I recently worked on a project that requires measuring several aspects of diversity in corporate boards of directors. The measure of diversity I chose to use with both dichotomously-scored (i.e., 0/1) nominal scale variables and continuous variables was the standard deviation. I aggregated the data from the board members associated with each firm and calculated the standard deviations for each diversity variable. For instance, the standard deviation of the ages of the board members served as a measure of age diversity and the standard deviation of the gender variable (0=female, 1=male) served as a measure of gender diversity, and so on. The problem I found is that SPSS calculates Bessel’s corrected standard deviation (with N-1 in the denominator), not the actual standard deviation (with N in the denominator). Consequently, the Bessel-corrected standard deviations reflected not only diversity, but also sample size. Take two companies, A and B. Company A has 1 male and 1 female. Company B has 2 males and 2 females.
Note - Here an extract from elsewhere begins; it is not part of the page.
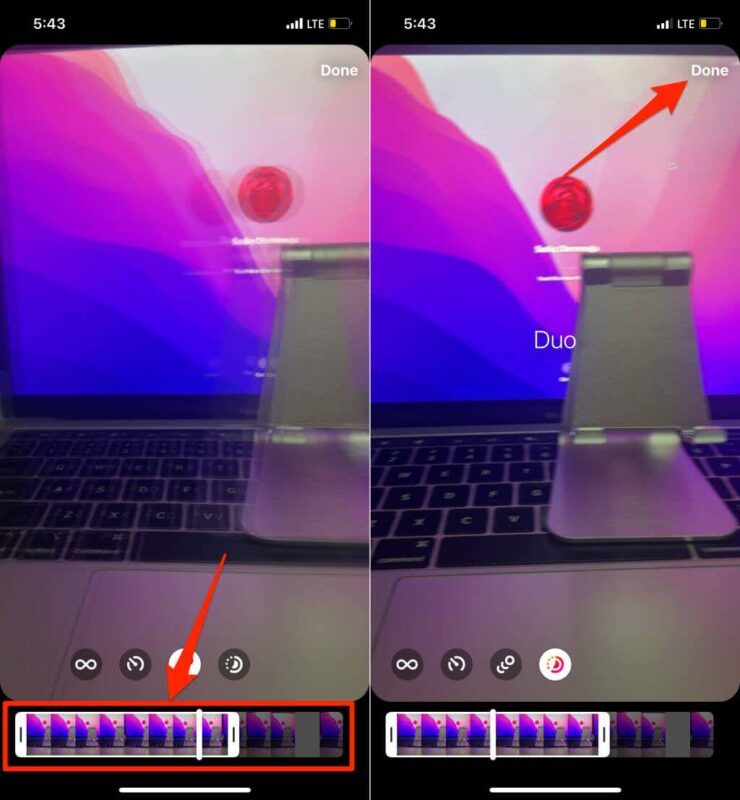 1. Hay una Recortar en la parte inferior de la página de selección de modo. Mueva la herramienta desde el borde izquierdo o derecho para recortar partes específicas del video. Tocar Hecho en la esquina superior derecha después de ajustar el bucle o la duración del video.

Both companies show equal gender diversity, but Bessel’s corrected standard deviation as computed by SPSS is 0.71 for Company A and 0.58 for company B, and both values are higher than the theoretical upper limit for the standard deviation for binary data which is .50! What’s a boy to do?! Un-Bessel the standard deviations (called “SD” below) as follows:
Transform > Compute Variable
Target Variable: New_Std_Dev
Numeric Expression: ((SD**2)/(N/(N-1)))**.5
In words: (1) Square the Bessel-corrected standard deviation (SD). (2) Divide #1 by N/(N-1). (3) Find the square root of #2.Having un-Besseled in this way, both Company A and Company B now show a standard deviation of .50.